In the description of the present invention, "a plurality" means two or more unless otherwise specified; the terms "upper", "lower", "left", "right", "inner", "outer", "front", "rear", "head", "tail", and the like, indicate orientations or positional relationships based on the orientations or positional relationships shown in the drawings, are only for convenience in describing and simplifying the description, and do not indicate or imply that the device or element referred to must have a particular orientation, be constructed in a particular orientation, and be operated, and thus, should not be construed as limiting the invention. Furthermore, the terms "first," "second," "third," and the like are used for descriptive purposes only and are not to be construed as indicating or implying relative importance.

In the description of the present invention, it is to be noted that, unless otherwise explicitly specified or limited, the terms "connected" and "connected" are to be interpreted broadly, e.g., as being fixed or detachable or integrally connected; can be mechanically or electrically connected; may be directly connected or indirectly connected through an intermediate. The specific meanings of the above terms in the present invention can be understood in specific cases to those skilled in the art.

Claims

1. A multifunctional auxiliary audio-visual method is characterized by comprising the following steps:

acquiring first voice signals acquired by voice acquisition modules in at least three audio-visual acquisition systems, and acquiring video signals acquired by video acquisition modules of at least three audio-visual acquisition systems;

acquiring a second voice signal acquired by a voice acquisition module in the audio-visual AR system;

analyzing the first voice signal and the second voice signal, and comparing the high-frequency component ratio of the first voice signal with a preset threshold value to obtain an analysis result;

processing the first voice signal and the second voice signal according to the analysis result to obtain a processing result;

and controlling an AR display module in the audio-visual AR system to display the processing result.
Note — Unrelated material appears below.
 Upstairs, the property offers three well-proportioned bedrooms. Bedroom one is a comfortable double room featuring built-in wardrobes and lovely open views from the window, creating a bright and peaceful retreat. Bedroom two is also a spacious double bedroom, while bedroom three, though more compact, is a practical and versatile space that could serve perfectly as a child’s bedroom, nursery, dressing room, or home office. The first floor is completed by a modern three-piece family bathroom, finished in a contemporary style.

2. The multifunctional auxiliary audio-visual method according to claim 1, wherein the ratio of the high frequency components of the first voice signal exceeds the preset threshold, the sound source position is located according to a sound source location algorithm, and a video signal acquired by a video acquisition module close to the sound source position is called to superimpose a warning character as a processing result.
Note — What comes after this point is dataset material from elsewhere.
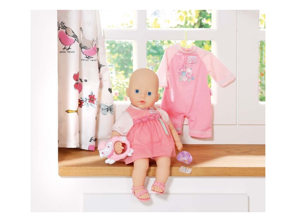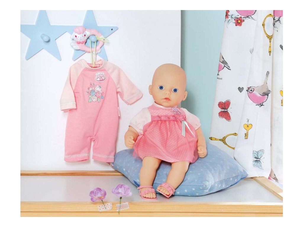 Panenka My First Baby Annabell ve speciální edici v dárkové krabici se dvěma oblečky. Domů si ji přinesete oblečenu do krásných růžových šatiček ozdobených růžičkami a jemnými puntíky, se kterými ladí i růžové sandálky taktéž ozdobené růžičkami. V balení si s sebou My First Baby Annabell přináší i dupačky, které může použít jako pyžamko nebo jako obleček na doma. Součástí balení je I chrastítko ve tvaru ovečky.
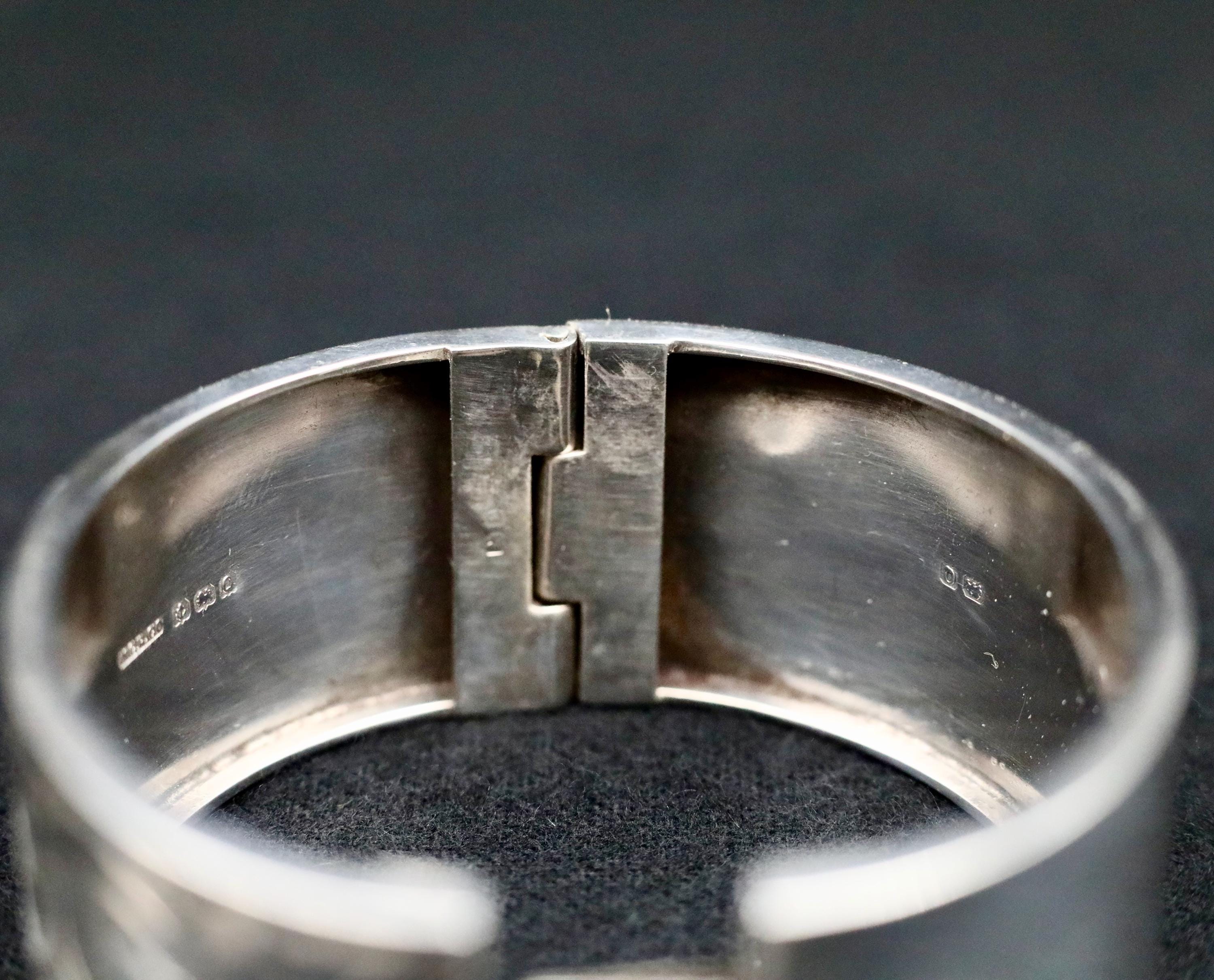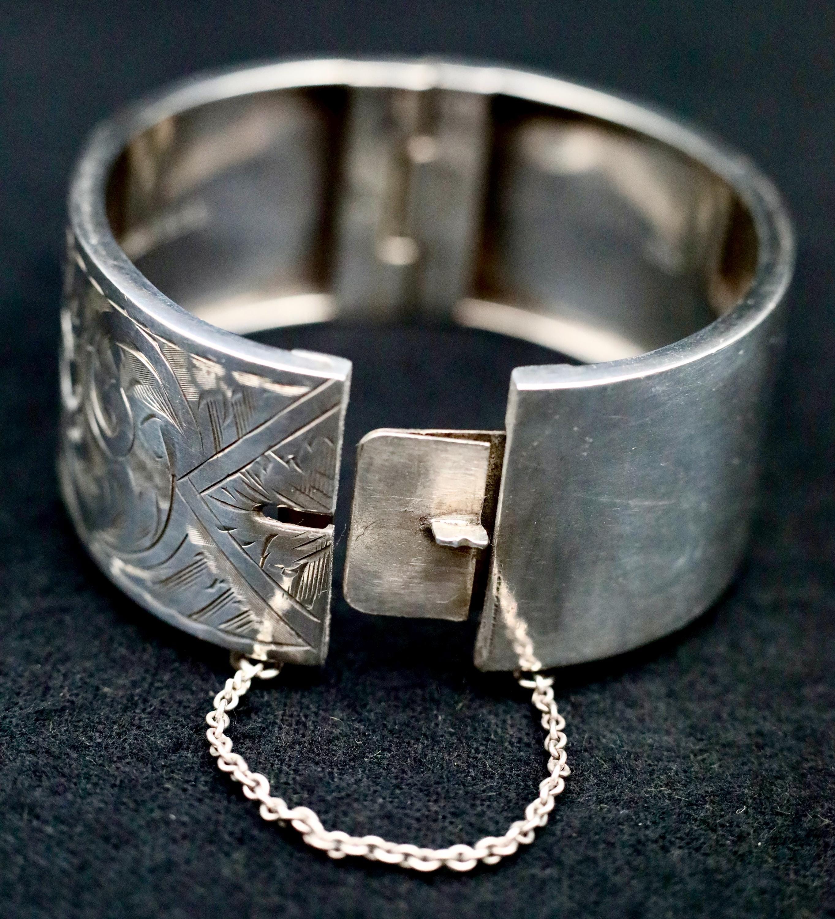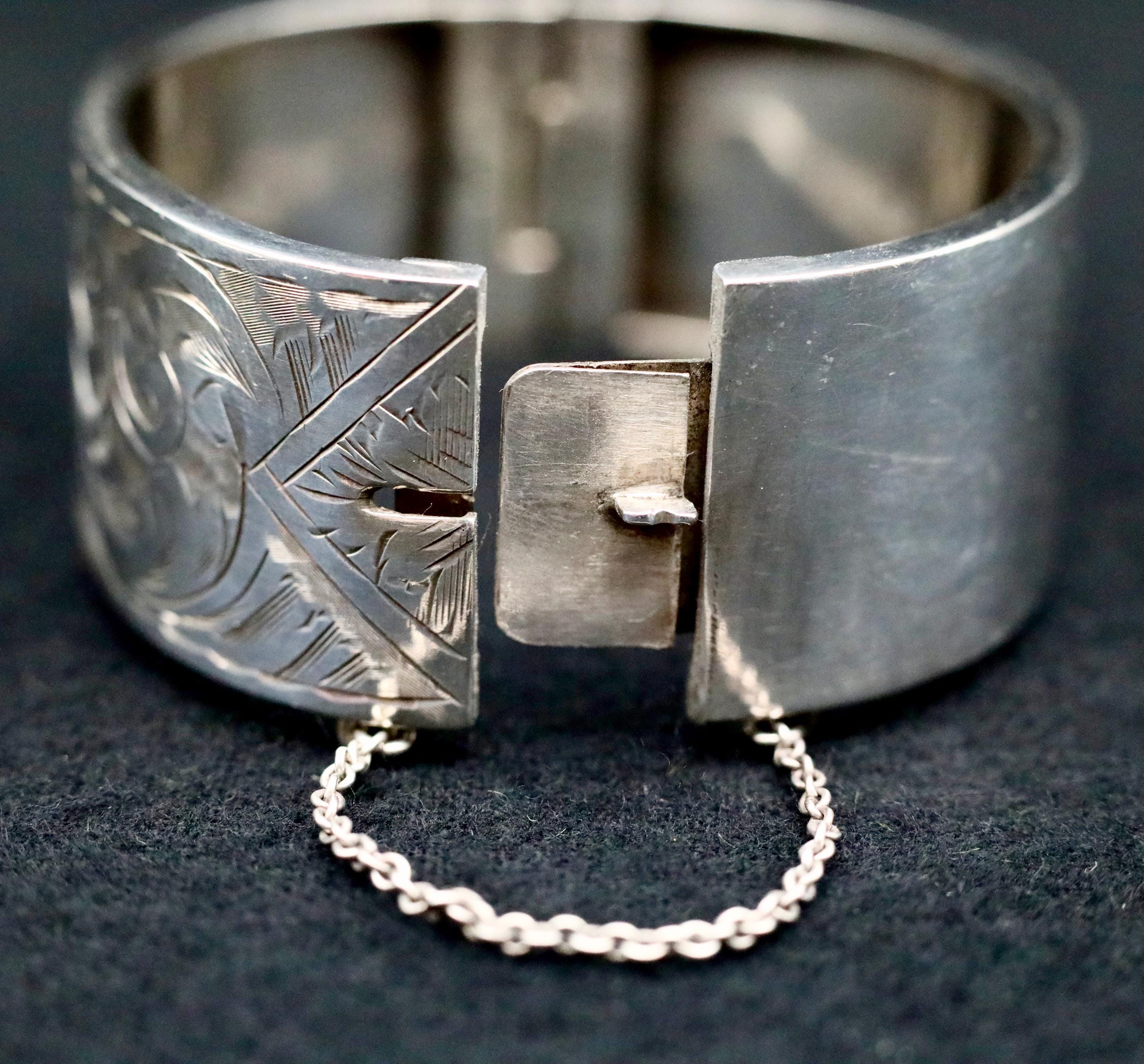 Made from solid .925 sterling silver, the bangle features a secure hinge, a well-working clasp, and the original safety chain for added confidence. Measuring 1 inch wide with a 6 3/4 inch interior, (fits a 7" wrist) it makes a striking standalone statement and layers beautifully with other sterling bracelets.

3. The multifunctional auxiliary audio-visual method according to claim 1, wherein when the ratio of the high frequency components of the first voice signal is lower than the preset threshold and the second voice signal is collected, the voice signal is converted into words according to an online voice recognition algorithm as a processing result.
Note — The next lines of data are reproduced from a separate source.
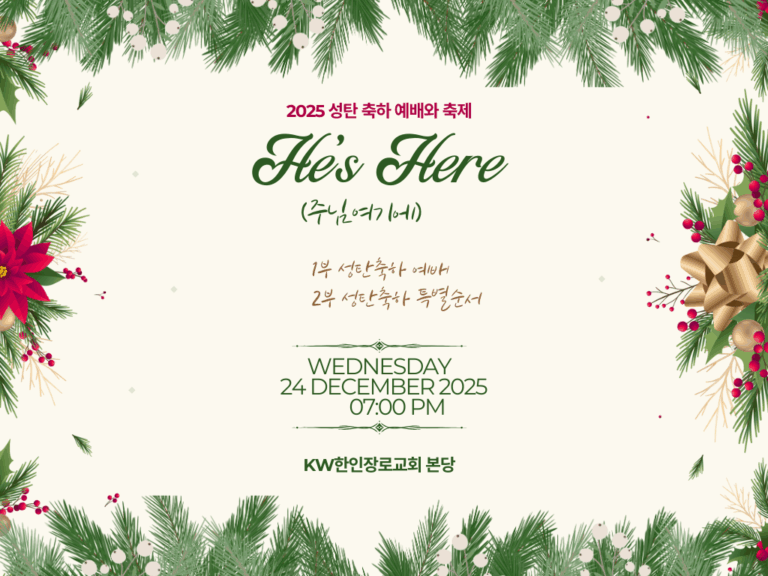 Slide Background이웃과 함께 하나님을 예배하고기도에 힘쓰는 교회(행 10:2)주보주일설교KakaoTalk_Photo_2025-11-22-21-27-29 2025 가을 사무엘 학교 2025 성경통독표 예배1부 예배 : 주일 오전 9시 (본당, 1층)2부 예배 : 주일 오전 11시 (본당, 1층)아동부 예배 : 주일 오전 11시 (그레이스홀, 2층)청소년부 예배 : 주일 오전 11시 (세미나실, B1)청년부 : 주일 오후 1시 15분 (본당, 1층) 토요 아침 기도회 : 토요일 오전 8시 (본당, 1층)자세히 보기 교회 이모저모교회 각종 행사 갤러리/블로그자세히 보기 온라인헌금온라인 헌금 안내자세히 보기 권사 및 안수집사 임직예배 권사 및 안수집사 임직예배 교회창립 53주년 “권사 및 안수집사“ 임직예배 일시 : 9월 21일(주일) 오전 11시 권사임직 : 김윤경 김은경 윤정화 윤숙경 권사인준 : 손령희 안수집사 : 김동범 진혁준 홍의표 안수집사인준 : 권혁용 임현태 장소 : KW한인장로교회 본당
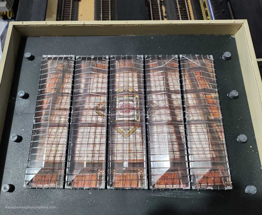 On the outside, I used photos of the actual greenish copper facade on the side of the terminal that I reduced to scale and glued those to the sides of the model. Those came out just ok. There is still some work to be done to get those to look a bit better. But, again, it is good enough for now.
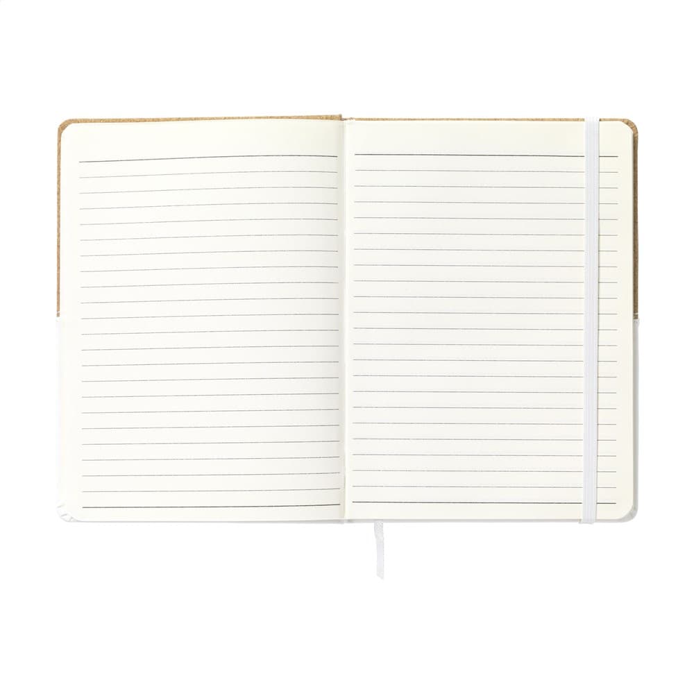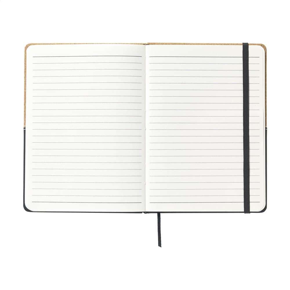 Duo stijl notitieboekje van kurk en imitatieleer in handzame en praktische uitvoering met ca. 72 vel/144 pagina's crèmekleurig, gelinieerd papier (70 g/m²) en elastische sluiting.
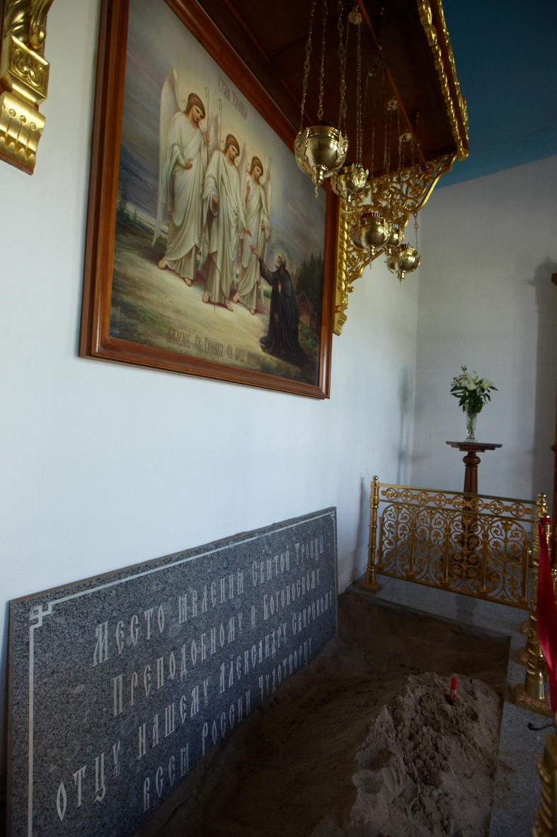 Набираем песок со святого места. Идем в Преображенский собор, прикладываемся к мощам Александра Свирского.
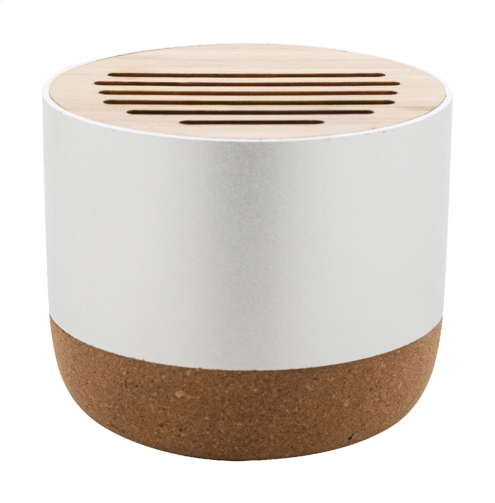 Kabelloser Lautsprecher, Gehäuse aus recyceltem Aluminium mit Bambusgitter und Sockel aus Naturkork. Mit wiederaufladbarem Akku (400 mAh). Inklusive USB-Ladekabel.
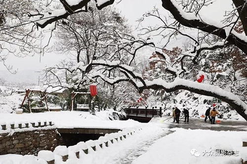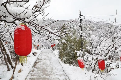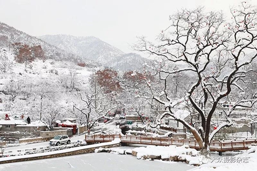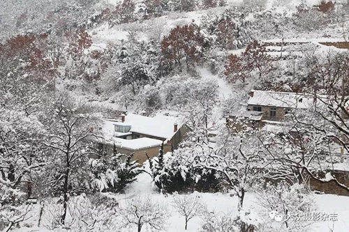落了雪的里口山,树木,房舍,道路,皆为雪白,如梦,如幻。
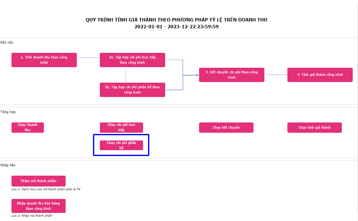 Hoặc người dùng có thể thay đổi tùy chọn ngày tập hợp chi phí, vào Giá thành -> Quy trình tính giá thành theo doanh thu, Bấm nút ➤ (Run ) , sau đó bấm vào nút Chạy chi phí phân bổ, xuất hiện giao diện sau:
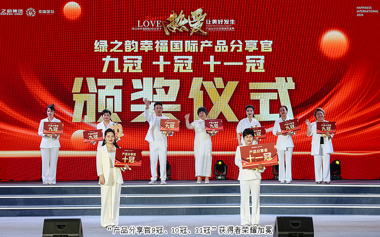 有人說,世界是由熱愛者創(chuàng)造的,每個劃時代的第一步,都是源自熱愛的驅(qū)動。在“科技讓中醫(yī)養(yǎng)生進萬家”這條充滿挑戰(zhàn)的路上,他們懷揣熱愛,不斷向前,走過了一段又一段泥濘和崢嶸,創(chuàng)造了一個又一個奇跡和光榮,贏得了綠之韻幸福國際“產(chǎn)品分享官”的稱號。在現(xiàn)場千余名綠之韻幸福國際家人們的見證下,“產(chǎn)品分享官3冠、4冠、5冠”獲得者身著盛裝,在星光閃爍中走上舞臺,共享榮耀時刻。

4. The method of claim 2, wherein the sound source localization algorithm is to intercept the first voice signal of the voice capturing module in each of the audio-visual capturing systems, and to localize the sound source by using the time difference of the first voice signal captured by the voice capturing module in each of the audio-visual capturing systems.

5. The method of claim 1, wherein the predetermined threshold is 10% to 20%.

6. The utility model provides a multi-functional supplementary visual system of listening which characterized in that, includes central processing module, power module, at least three visual collection system and visual AR system, visual collection system includes voice acquisition module and video acquisition module, voice acquisition module and video acquisition module with central processing module communication connection, visual AR system includes voice acquisition module and AR display module, voice acquisition module and AR display module with central processing module communication connection, battery module with central processing module, at least three visual collection system with visual AR system electric connection respectively.

7. A multi-functional assisted-audio-visual system according to claim 6, characterized in that said at least three audio-visual acquisition systems are arranged non-collinearly.

8. The system of claim 6, wherein said audio-visual AR system is disposed in front of the head.